Any student of the works of Bill Elder, Jack Davis, Al Jaffee, and so many other notable contributors cannot pass up a look at this collection. I dare say it’s some of the best work by these creators that I’ve ever seen. Perhaps buoyed by a Hefner-backed paycheck—as well as high-quality, full-color magazine printing—these fellows provide some vivid, detailed work that displays well in this format. Perhaps of greater note are the page layouts, done entirely by Kurtzman and exacting in their satire, even though some of them must have been real pains in the ass to execute. Evidence of Harvey’s passion can be seen at the end of the book, in the unpublished third issue of Trump, cobbled together as best as possible and with commentary by Dennis Kitchen.

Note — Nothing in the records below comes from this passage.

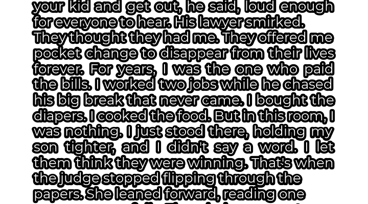 The courtroom air hung thick with tension, a palpable weight that pressed down on my shoulders. My son, barely five years old, whimpered softly, his small fingers clutching at my coat. Beside me stood Marcus, the man I had once envisioned growing old with, now a stranger radiating animosity. His lawyer, a shark in a tailored suit, smirked, radiating an almost sickening confidence. I felt utterly alone. The words he had hurled at me echoed in my mind, each syllable a fresh wound. \
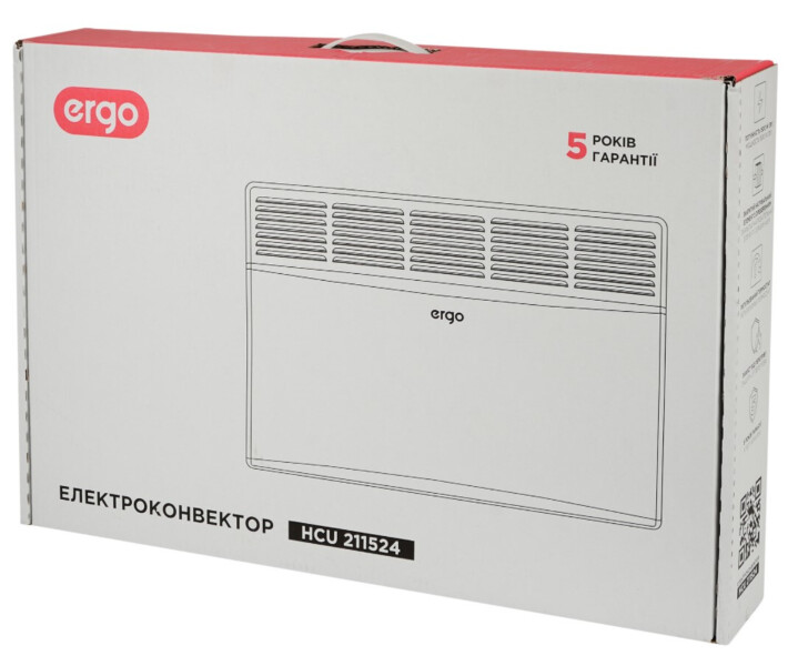 Комфорт в нашому житті забезпечується безліччю факторів. І підтримання потрібної температури - один з них. У холодну пору року мати можливість обігріти приміщення швидко і безпечно - ось завдання, з яким конвектори Ergo HCU 211524 справляються дуже легко. При невисокій ціні модель відрізняється сучасним дизайном, універсальністю застосування і достатнім для приладу такого рівня функціоналом. Крім того, ступінь захисту від вологи IP24 дозволяє встановлювати конвектор у ванній кімнаті, що особливо актуально тим, у кого є маленькі діти.
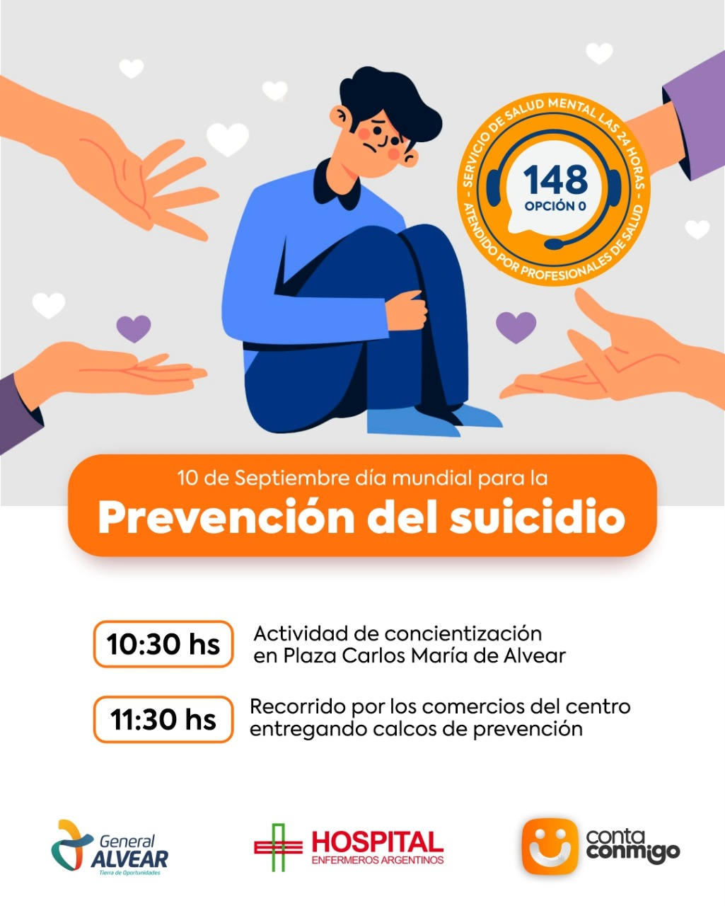 En el marco del Día Mundial para la Prevención del Suicidio, el Hospital Enfermeros Argentinos, en articulación con la Municipalidad de General Alvear y el programa «Contá Conmigo», desarrolló una jornada de concientización abierta a toda la comunidad. Las actividades comenzaron a las 10:30 horas en la Plaza Carlos María de Alvear con una intervención pública de sensibilización, y continuaron a las 11:30 con un recorrido por comercios del centro.
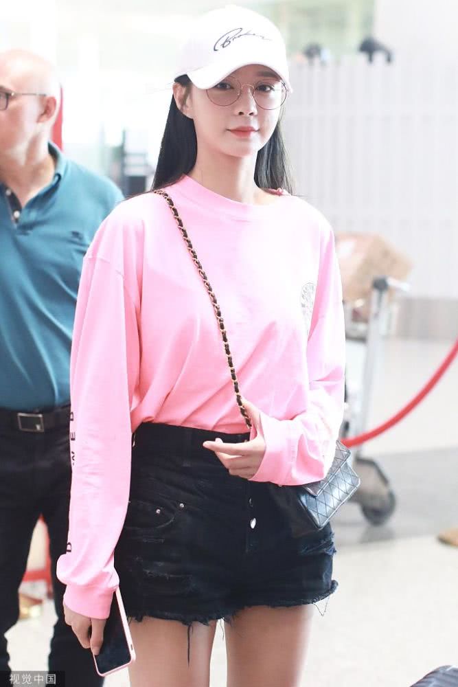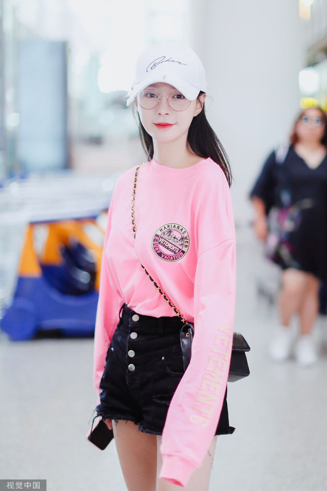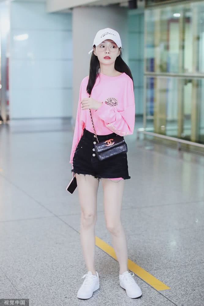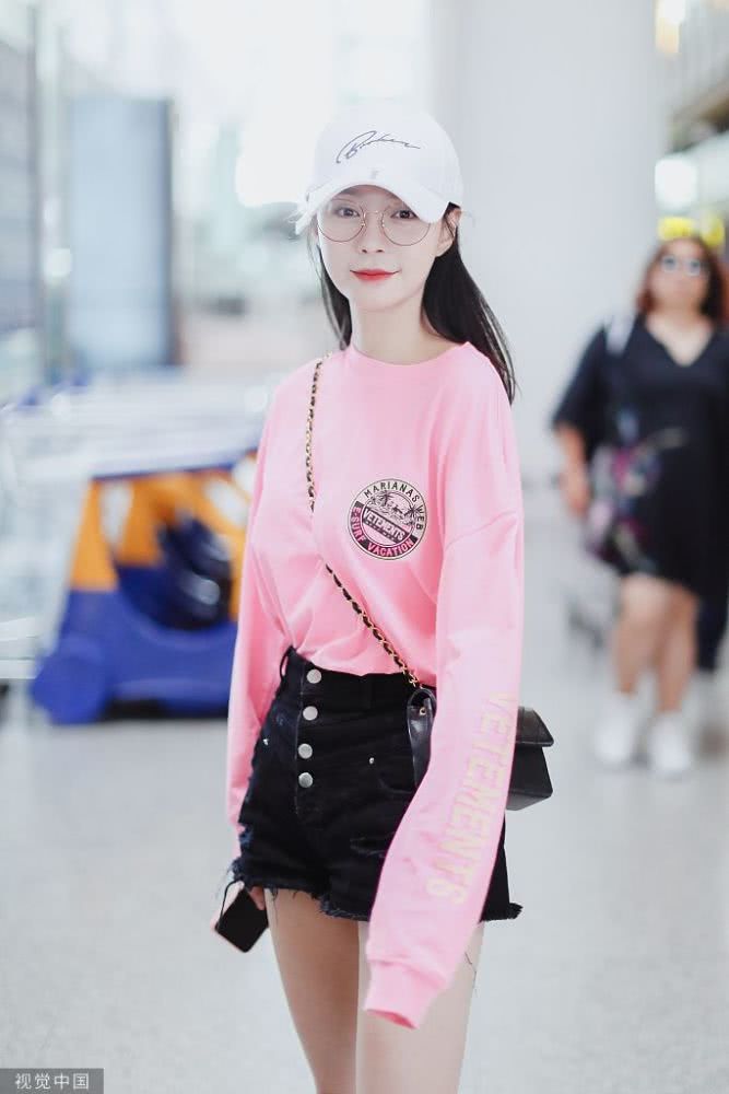 她戴著棒球帽身穿粉色衛(wèi)衣搭配熱褲,長腿纖細(xì)又白嫩。

Here, we see some half-finished ideas and several layouts and thumbnails that give us a lot of insight into the intensity of Kurtzman’s process. There’s also some correspondence between Hugh Hefner and Harvey Kurtzman included that might eveal the mystery of this magazine…or add to it.

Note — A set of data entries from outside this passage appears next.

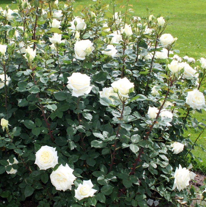 Кремовые бутоны этого сорта распускаются в крупные бокаловидные цветки на длинных прочных побегах. Роза обращает на себя внимание в саду, частично благодаря окраске, частично из-за обильности цветения. Для клумбы, где нужен крупный куст, это будет хороший выбор. Аромат почти отсутствует, но цветки переносят влажную погоду лучше большинства белых сортов и долго цветет. Куст высокий, прямостоячий, листва темная, матовая.
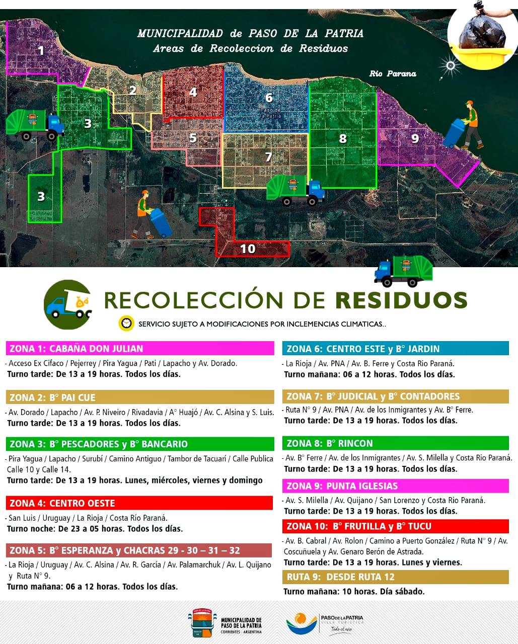 Entre los servicios de higiene urbana que están a cargo de la Municipalidad de la Ciudad de Paso de la Patria se encuentra la recolección domiciliaria de los residuos.
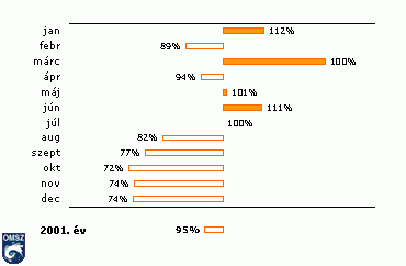 A napsütéses órák havi összegei 2001-ben az 1961-90-es normál százalékában
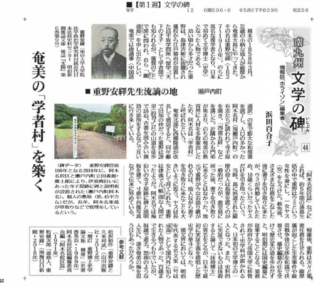 幕末の1858年3月、31歳の小柄な流人が薩摩から奄美大島にやってきた。その名は重野安繹(やすつぐ・1827〜1910)。のちに高名な漢学者となり、日本で初めて文学博士(史学)となった人物である。
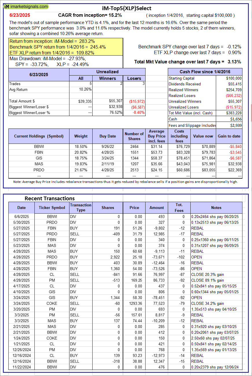 iM-Top5(XLP)Select: Since inception, on 1/5/2016, the model gained 283.23% while the benchmark SPY gained 245.35% over the same period. Over the previous week the market value of iM-Top5(XLP)Select gained 3.13% at a time when SPY gained -0.12%. A starting capital of $100,000 at inception on 1/5/2016 would have grown to $383,228 which includes $1,656 cash and excludes $2,939 spent on fees and slippage. |

The narrative of this collection plays as a sort of “what might have been” tale, and it is chock full of information and anecdotes to support this contention. But it can also be seen as “nice while it lasted,” since the brightest flames must flicker out the fastest. Unlike Wally Wood’s Witzend or Kurtzman’s collectively-published magazine Humbug, this collection of Trump is less a historical curiosity and more a living comedic document that is still funny today. I don’t know how expansive the fanbase is for this kind of look back on a forgotten chapter in magazine publishing history, but if that kind of thing even piques your interest then you can’t afford to miss this book.